The Hunt (2020), written by Nick Cuse and Damon Lindelof, stands with Adam McKay's Don't Look Up (2021) as one of the best satires of the world of conspiracy theories created by social media. It's a revenge horror movie of sorts, where the aristocrats who are the victims and the avengers of the social influencers become the very perpetrators imagined by the influencers, and the influencers who destroyed their career become their victims. The film then becomes a parody of itself, of its own "revenge" genre, because the ultimate protagonist is a heroine who was picked by mistake (a namesake) who goes on to become a killing machine a` la Tarantino's Kill Bill and the concluding duel is pure farce. The ending is weak: a corporation executive who has trained to become a match for a special-force agent and, instead of simply shoting dead the last victim, engages in a lengthy duel, and still doesn't realize that she got the wrong person, and incidentally she seems indifferent to the death of her entire team. The heroine is no less cynical: she doesn't hesitate to kill an innocent and, upon winning the duel, she simply boards a plane to get home, without bothering to call the police and the media. The ultimate message seems to be that the line between good and evil is blurred, and there is nothing we can do against evil except save ourselves and let the world continue to be a madhouse.

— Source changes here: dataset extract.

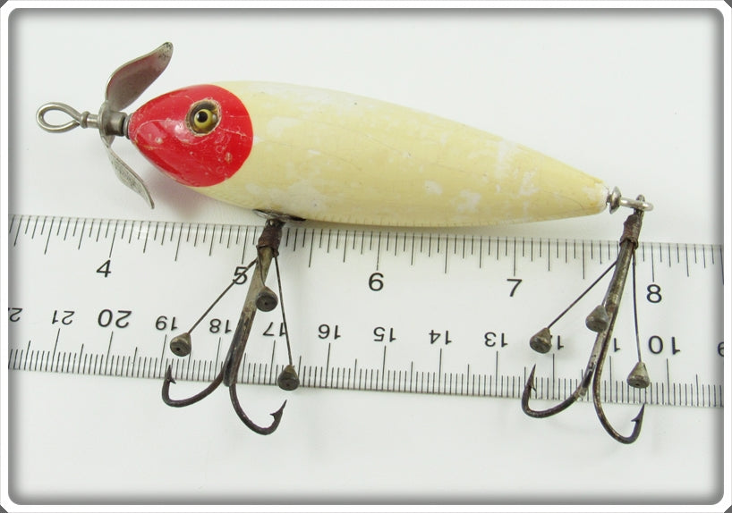South Bend Red Head White Floating Surface Minnow With Bing Hooks 921 RH

The film opens in a corporation where executives exchange text messages about a hunt for humans called "deplorables" in the manor of the CEO, Athena.
We then move to Athen's private plane that is transporting a group of the executives. As they are enjoying the flight, a man staggers into the cabin from the back of the plane and they all get terrified. One of the executives mentions that the man woke up too early and quickly attacks him in front of the others. The man doesn't die and Athena brutally kills him with a high-heel shoe.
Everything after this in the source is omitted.